» BRIEF:
Please repeat the records word for word and skip the pictures.

» RECORDS FOR THIS TASK:
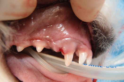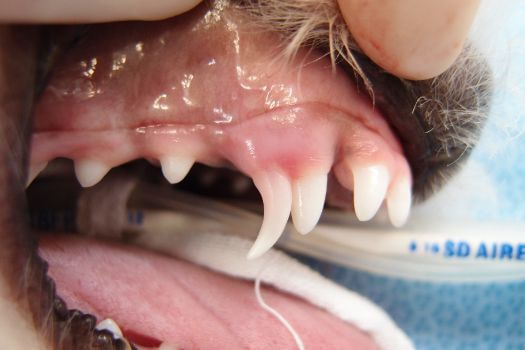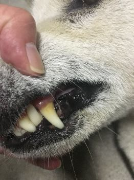 ところが他の歯が抜けているのに、写真のように犬歯だけが残ってしまうことがあります。特に小型犬が多いため5ヶ月齢なのに左右の歯の数が違っていたり、とがった歯が多いと思ったら動物病院を受診してください。
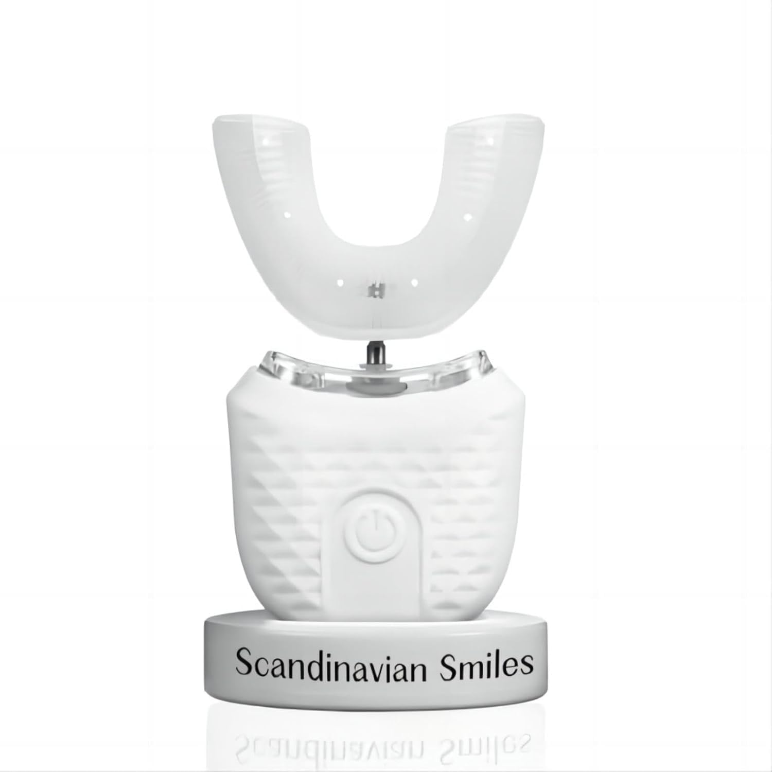 - đ ă360° Full-Coverage Cleaningă The Scandinavian Smiles Toothbrush Adult version offers a patented U-shaped silicone brush head that wraps seamlessly around teeth, cleaning front and back surfaces simultaneously. IPX7 waterproof and ergonomic grip enable safe, hands-free cleaning in only 30 seconds.
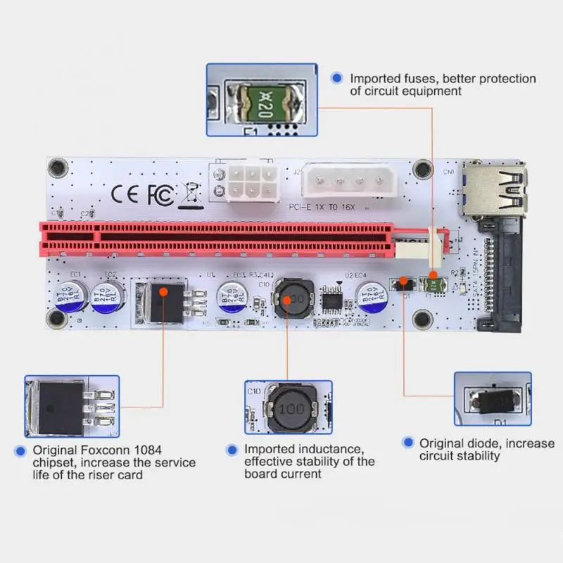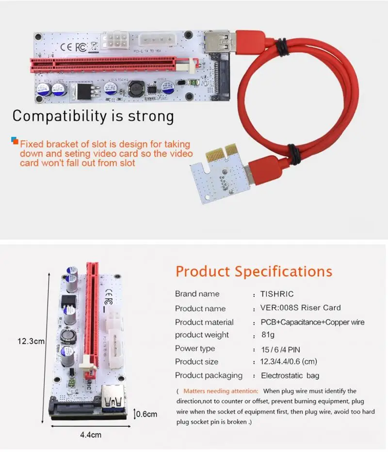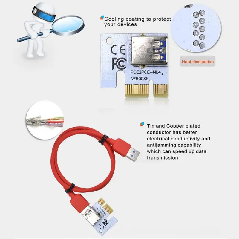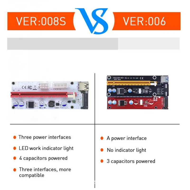 Название продукта: VER:008S Riser Card Материал изделия: PCB + емкость + медный провод Вес изделия: 81 г
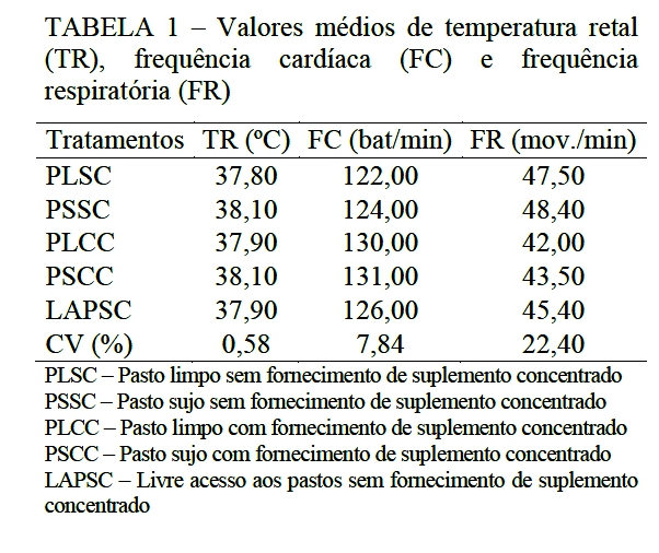 respostas fisiológicas dos animais não foram influenciadas pelos tratamentos. O
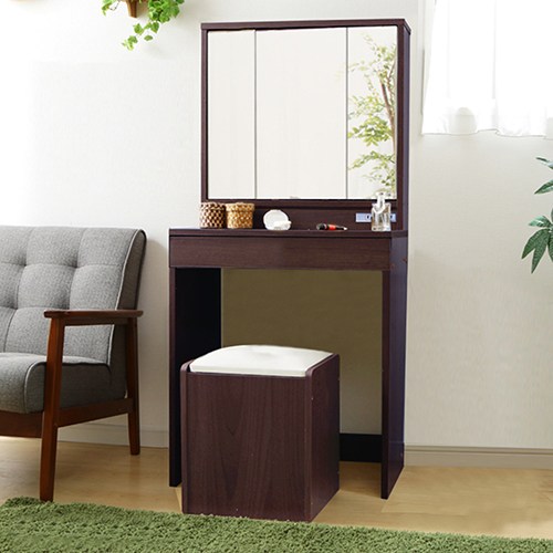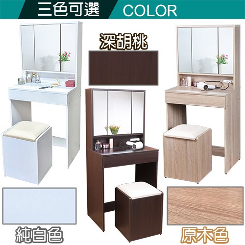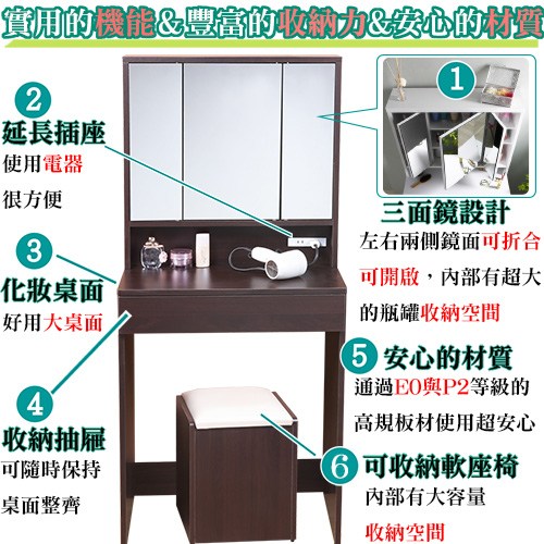 《C&B》黛薇日式時尚三面鏡化妝桌,是台灣生產外銷日本的實用化妝桌,材質採用符合先進國家政府規定的E0與P2等級板材,符合安心家具的規定。
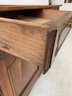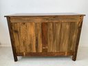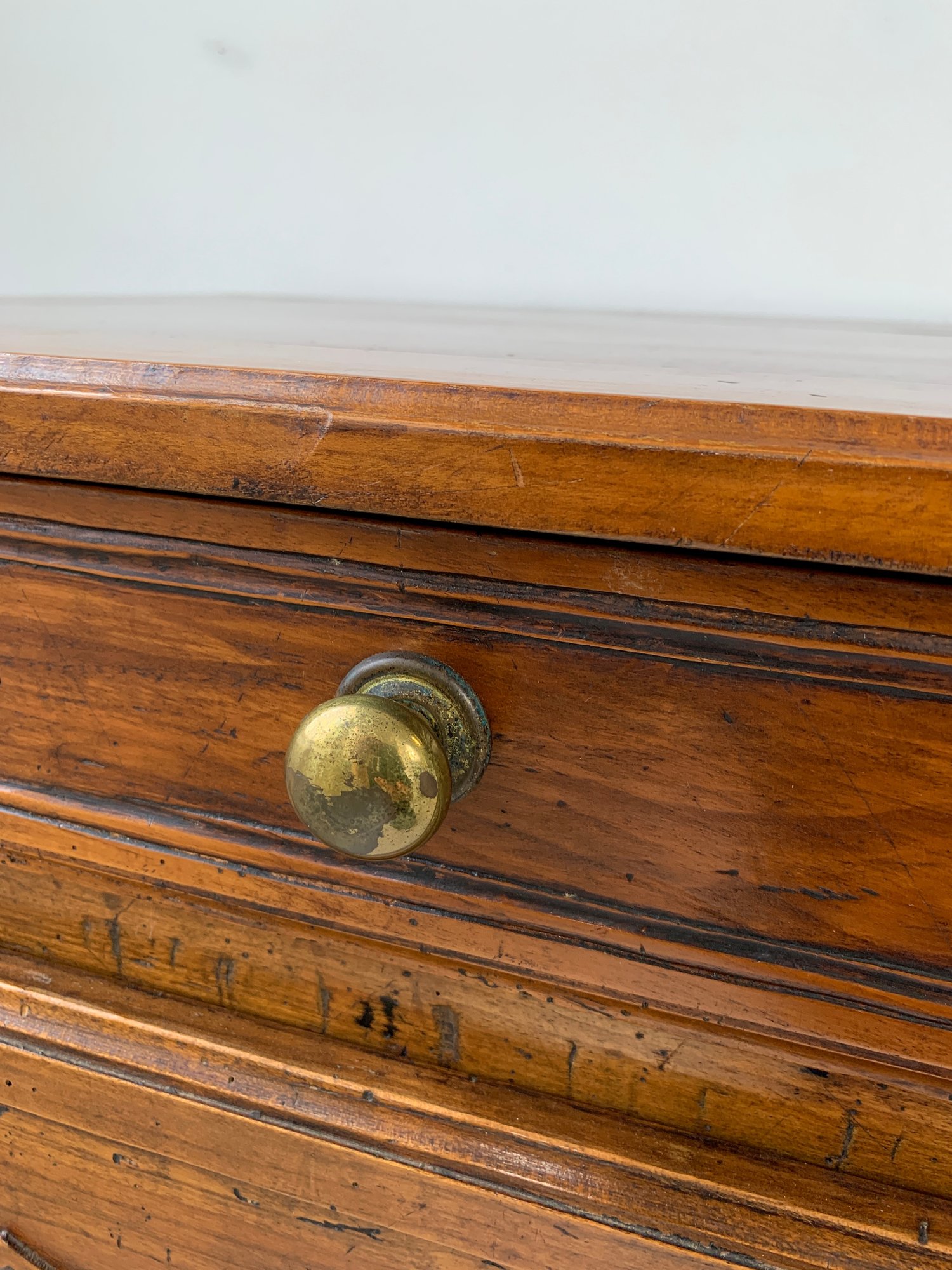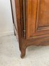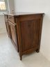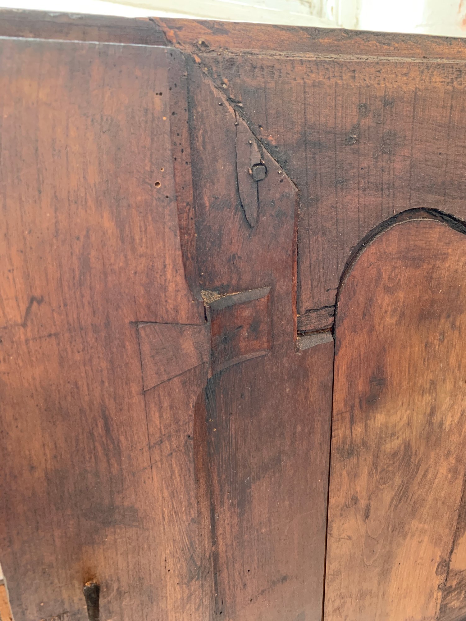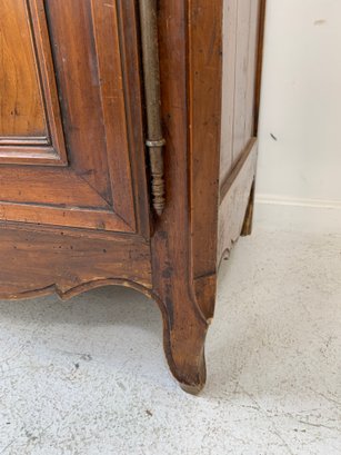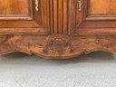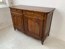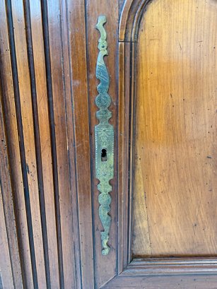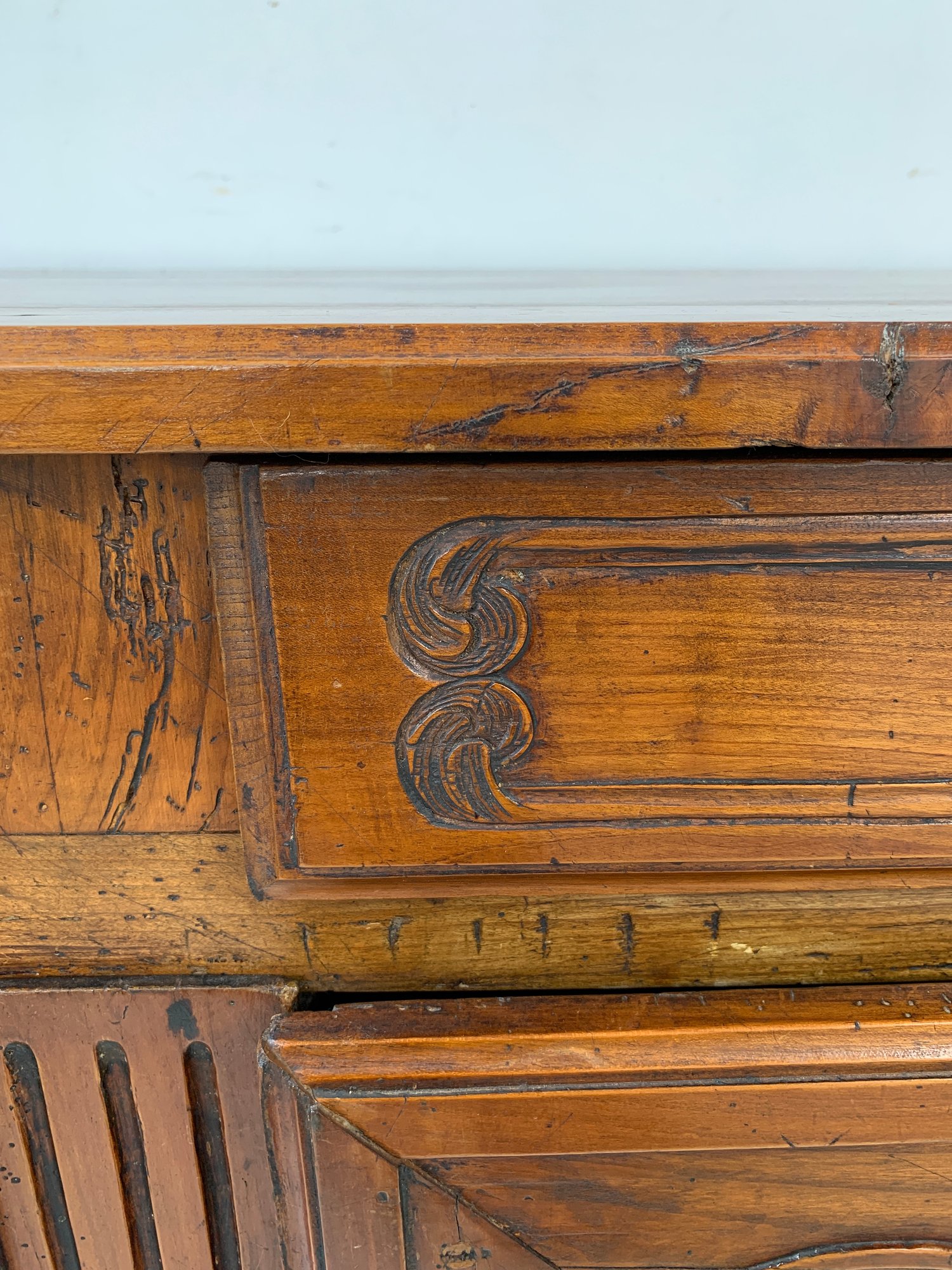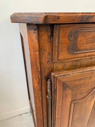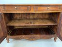Antique French Provincial Louis XV style carved walnut buffet, late 18th to early 19th century. Features two drawers with brass knob pulls above two arched raised-panel doors separated by a fluted central stile. Original brass serpentine escutcheon plates with working keyholes. Carved floral basket and foliate motifs on the shaped apron, raised on cabriole legs with scrolled feet. Chamfered top corners. Interior opens to a single shelf. Unfinished plank back. A handsome and functional antique piece.

» EXPECTED ANSWER:
 ところが他の歯が抜けているのに、写真のように犬歯だけが残ってしまうことがあります。特に小型犬が多いため5ヶ月齢なのに左右の歯の数が違っていたり、とがった歯が多いと思ったら動物病院を受診してください。
 - đ ă360° Full-Coverage Cleaningă The Scandinavian Smiles Toothbrush Adult version offers a patented U-shaped silicone brush head that wraps seamlessly around teeth, cleaning front and back surfaces simultaneously. IPX7 waterproof and ergonomic grip enable safe, hands-free cleaning in only 30 seconds.
 Название продукта: VER:008S Riser Card Материал изделия: PCB + емкость + медный провод Вес изделия: 81 г
 respostas fisiológicas dos animais não foram influenciadas pelos tratamentos. O
 《C&B》黛薇日式時尚三面鏡化妝桌,是台灣生產外銷日本的實用化妝桌,材質採用符合先進國家政府規定的E0與P2等級板材,符合安心家具的規定。
Antique French Provincial Louis XV style carved walnut buffet, late 18th to early 19th century. Features two drawers with brass knob pulls above two arched raised-panel doors separated by a fluted central stile. Original brass serpentine escutcheon plates with working keyholes. Carved floral basket and foliate motifs on the shaped apron, raised on cabriole legs with scrolled feet. Chamfered top corners. Interior opens to a single shelf. Unfinished plank back. A handsome and functional antique piece.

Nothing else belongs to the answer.